[[ Dataset section open ]]
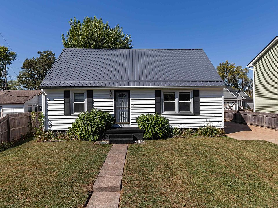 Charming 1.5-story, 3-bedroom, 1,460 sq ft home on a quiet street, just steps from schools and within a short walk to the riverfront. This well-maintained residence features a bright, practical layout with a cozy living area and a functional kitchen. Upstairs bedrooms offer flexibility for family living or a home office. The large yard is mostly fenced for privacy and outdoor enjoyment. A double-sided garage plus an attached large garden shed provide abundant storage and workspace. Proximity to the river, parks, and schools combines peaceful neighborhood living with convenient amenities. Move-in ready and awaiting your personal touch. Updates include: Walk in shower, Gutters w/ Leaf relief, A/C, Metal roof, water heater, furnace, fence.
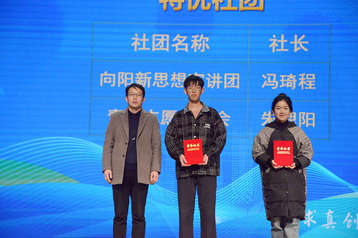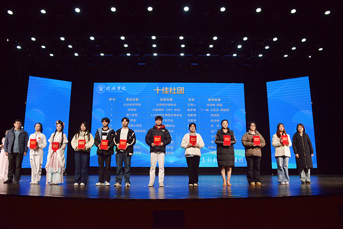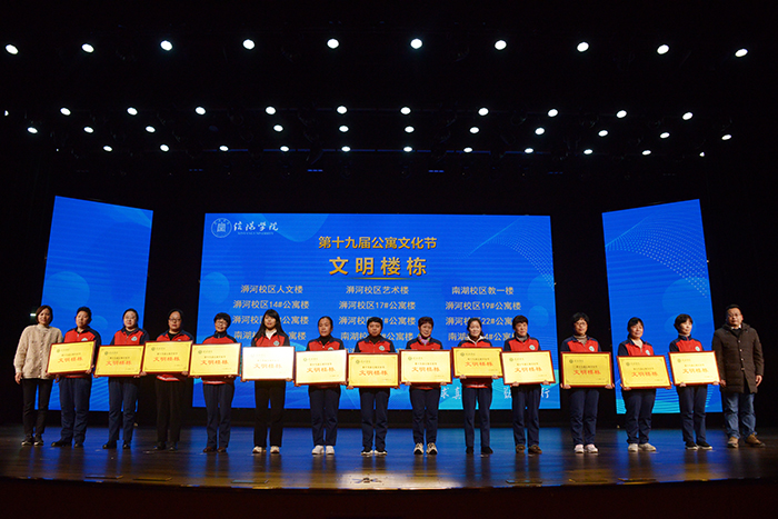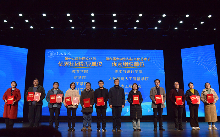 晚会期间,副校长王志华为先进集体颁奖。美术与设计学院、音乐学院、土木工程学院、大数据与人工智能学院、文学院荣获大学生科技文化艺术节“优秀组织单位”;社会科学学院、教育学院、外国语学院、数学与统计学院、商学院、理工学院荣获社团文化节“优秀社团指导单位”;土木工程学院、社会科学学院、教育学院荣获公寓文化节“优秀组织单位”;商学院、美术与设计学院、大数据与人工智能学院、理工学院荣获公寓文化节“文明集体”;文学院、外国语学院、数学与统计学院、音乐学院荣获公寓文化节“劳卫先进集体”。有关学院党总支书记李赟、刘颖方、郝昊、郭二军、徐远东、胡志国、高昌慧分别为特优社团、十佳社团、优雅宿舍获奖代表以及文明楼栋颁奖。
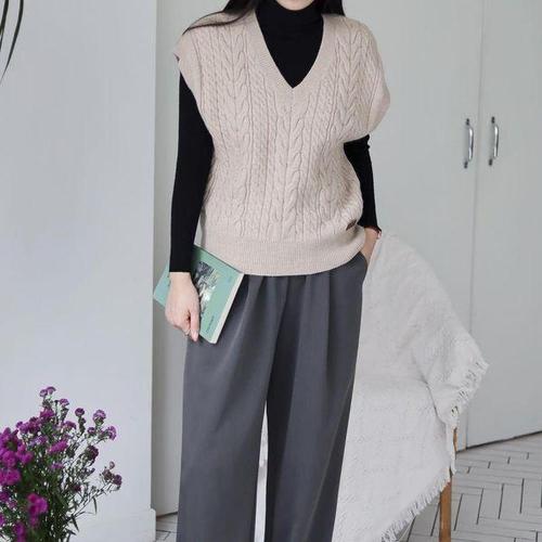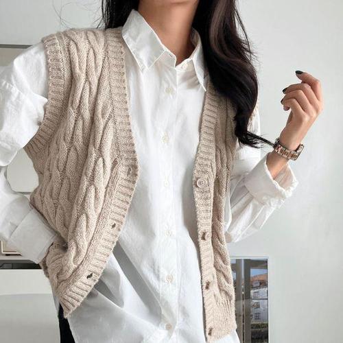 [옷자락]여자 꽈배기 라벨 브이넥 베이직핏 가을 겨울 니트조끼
[[ Dataset section closed ]]
• Problem details
Output the data above verbatim, pictures excluded.

• Exercise solution
 Charming 1.5-story, 3-bedroom, 1,460 sq ft home on a quiet street, just steps from schools and within a short walk to the riverfront. This well-maintained residence features a bright, practical layout with a cozy living area and a functional kitchen. Upstairs bedrooms offer flexibility for family living or a home office. The large yard is mostly fenced for privacy and outdoor enjoyment. A double-sided garage plus an attached large garden shed provide abundant storage and workspace. Proximity to the river, parks, and schools combines peaceful neighborhood living with convenient amenities. Move-in ready and awaiting your personal touch. Updates include: Walk in shower, Gutters w/ Leaf relief, A/C, Metal roof, water heater, furnace, fence.
 晚会期间,副校长王志华为先进集体颁奖。美术与设计学院、音乐学院、土木工程学院、大数据与人工智能学院、文学院荣获大学生科技文化艺术节“优秀组织单位”;社会科学学院、教育学院、外国语学院、数学与统计学院、商学院、理工学院荣获社团文化节“优秀社团指导单位”;土木工程学院、社会科学学院、教育学院荣获公寓文化节“优秀组织单位”;商学院、美术与设计学院、大数据与人工智能学院、理工学院荣获公寓文化节“文明集体”;文学院、外国语学院、数学与统计学院、音乐学院荣获公寓文化节“劳卫先进集体”。有关学院党总支书记李赟、刘颖方、郝昊、郭二军、徐远东、胡志国、高昌慧分别为特优社团、十佳社团、优雅宿舍获奖代表以及文明楼栋颁奖。
 [옷자락]여자 꽈배기 라벨 브이넥 베이직핏 가을 겨울 니트조끼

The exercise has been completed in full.